Assigned task:
Leaving out pictures, output exactly the lines below from the one that has "Generic Women’s Cotton" through the one that has "想邀請習爺爺來阿聯(lián", and nothing else.

Record excerpts:
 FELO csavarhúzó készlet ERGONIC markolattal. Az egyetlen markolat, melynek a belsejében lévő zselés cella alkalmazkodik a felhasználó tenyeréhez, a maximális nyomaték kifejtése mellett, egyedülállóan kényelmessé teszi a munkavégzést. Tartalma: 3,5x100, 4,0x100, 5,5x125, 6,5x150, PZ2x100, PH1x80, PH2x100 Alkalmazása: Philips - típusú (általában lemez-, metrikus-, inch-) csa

...

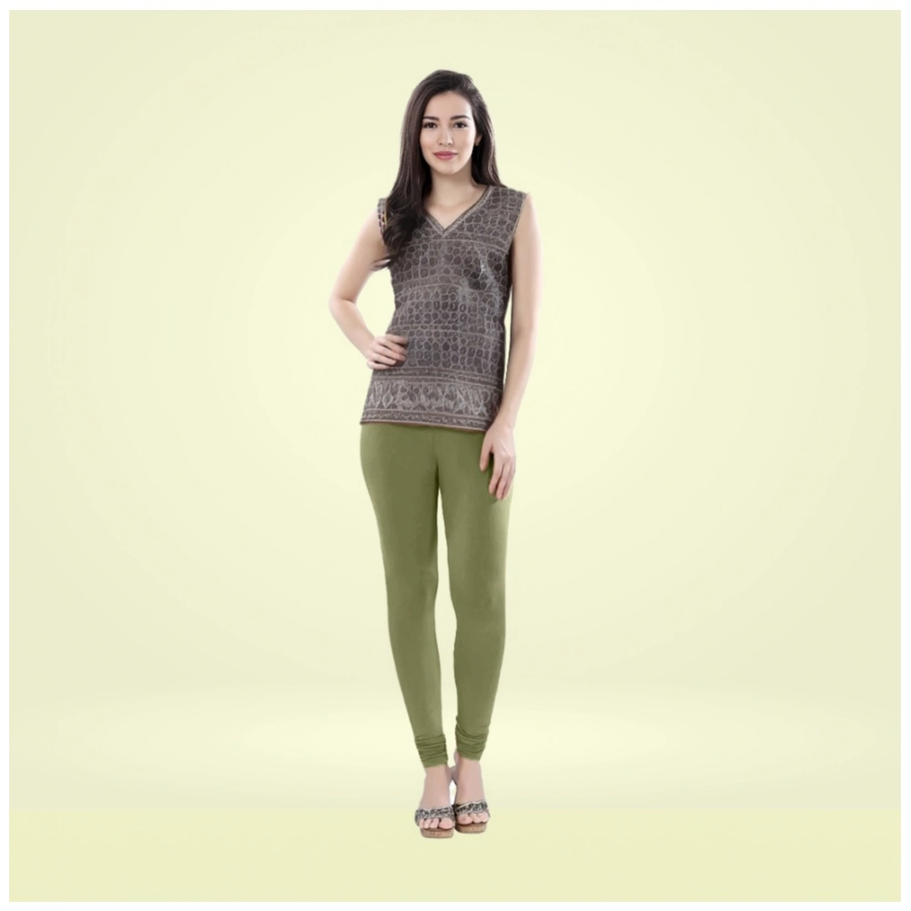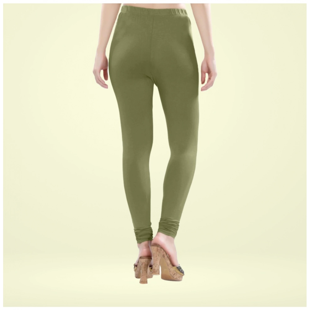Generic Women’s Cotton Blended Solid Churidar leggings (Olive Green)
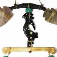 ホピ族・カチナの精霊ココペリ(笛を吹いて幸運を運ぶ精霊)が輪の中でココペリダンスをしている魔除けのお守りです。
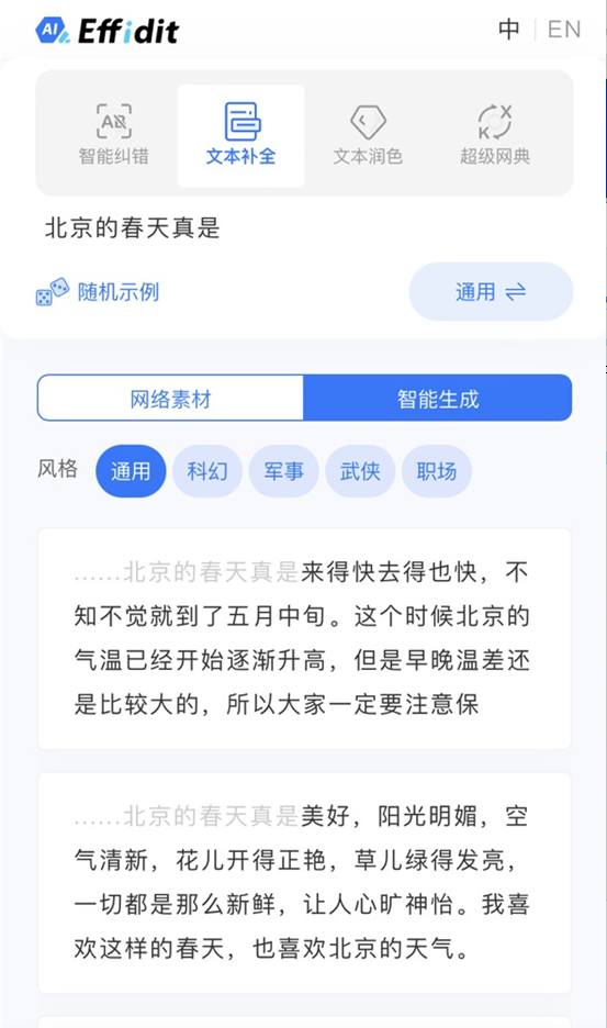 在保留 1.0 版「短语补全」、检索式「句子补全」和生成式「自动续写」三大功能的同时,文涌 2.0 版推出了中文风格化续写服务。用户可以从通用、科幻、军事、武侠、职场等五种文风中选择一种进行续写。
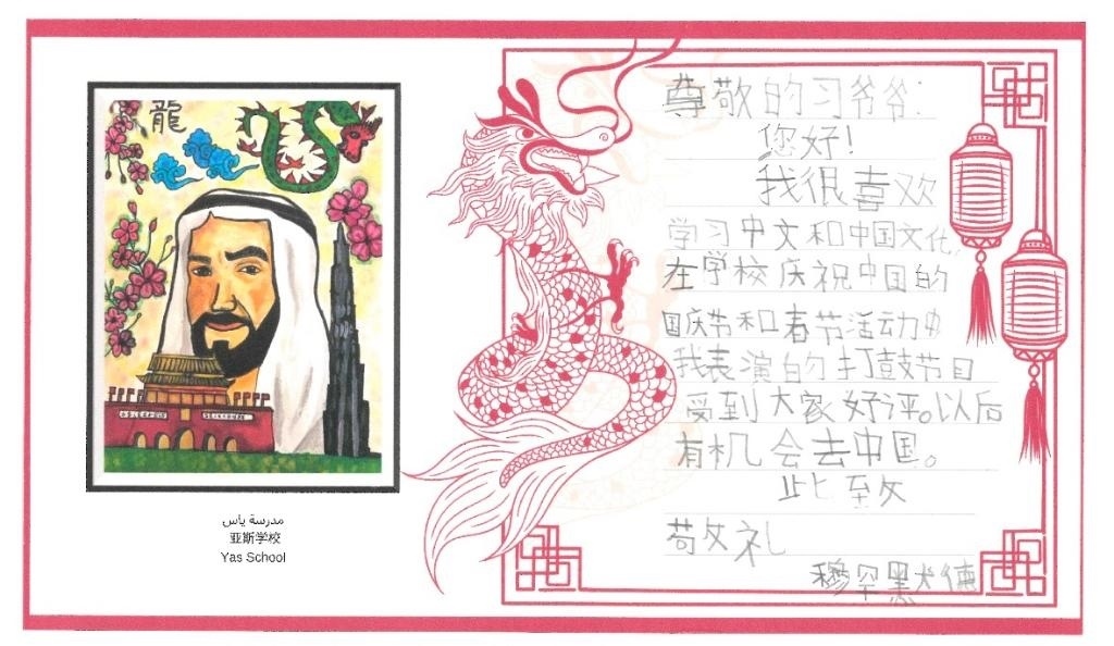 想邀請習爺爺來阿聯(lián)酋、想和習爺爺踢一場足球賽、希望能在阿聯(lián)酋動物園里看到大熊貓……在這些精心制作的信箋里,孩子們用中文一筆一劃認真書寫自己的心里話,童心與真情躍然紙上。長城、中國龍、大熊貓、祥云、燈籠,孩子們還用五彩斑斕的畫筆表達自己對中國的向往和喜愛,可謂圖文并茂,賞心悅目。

Response box:
Generic Women’s Cotton Blended Solid Churidar leggings (Olive Green)
 ホピ族・カチナの精霊ココペリ(笛を吹いて幸運を運ぶ精霊)が輪の中でココペリダンスをしている魔除けのお守りです。
 在保留 1.0 版「短语补全」、检索式「句子补全」和生成式「自动续写」三大功能的同时,文涌 2.0 版推出了中文风格化续写服务。用户可以从通用、科幻、军事、武侠、职场等五种文风中选择一种进行续写。
 想邀請習爺爺來阿聯(lián)酋、想和習爺爺踢一場足球賽、希望能在阿聯(lián)酋動物園里看到大熊貓……在這些精心制作的信箋里,孩子們用中文一筆一劃認真書寫自己的心里話,童心與真情躍然紙上。長城、中國龍、大熊貓、祥云、燈籠,孩子們還用五彩斑斕的畫筆表達自己對中國的向往和喜愛,可謂圖文并茂,賞心悅目。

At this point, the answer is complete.